To be honest, it was the food that worried me. One wouldn’t normally be concerned about the offerings at a three-Michelin-star establishment like Arnaud Lallement’s L’Asssiette Champenoise; but in my room at Lallement’s hotel over the restaurant was a half-size reproduction of Géricault’s The Raft of the Medusa. A depiction of starvation and cannibalism seemed an odd choice. It made me wonder.

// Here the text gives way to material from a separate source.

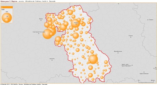 Voici deux premières cartes sur le vote Bayrou dans la 5ème circonscription du Puy de Dôme. Elles mettent en évidence la répartition des voix et les pourcentages obtenus dans chaque commune.

The occasion was a dinner to demonstrate the versatility of ratafia with food. To unpack that sentence: Ratafia de Champagne gained appellation status in 2015 and is unfermented grape juice plus local grape spirit—it’s a mistelle, in other words. Think Pineau des Charentes. It’s sweet and usually around 18% ABV; it’s the sort of thing that you would normally consider an apéritif, or something to drink with dessert or cheese.
Tonight, however, it was going to try its hand at a great variety of dishes—from crab, to pigeon, via beetroot and brill. Half a dozen Champagne growers were putting their Champagnes into the ring along with their ratafias, because the other surprise—once you’ve got over the idea that ratafia might go with pigeon—is how many Champagne producers are already making ratafia commercially. Young producers are especially keen, it seems. Krug and Charles Heidsieck are mentioned as being among those likely to launch ratafias. In 2008, the producers say, ratafia was just a single line in EU regulations, and much of it was made for domestic consumption, by 30 to 40 producers, and not necessarily from Champagne juice. Now there are around a million bottles a year of PDO Ratafia de Champagne from nearly 400 producers.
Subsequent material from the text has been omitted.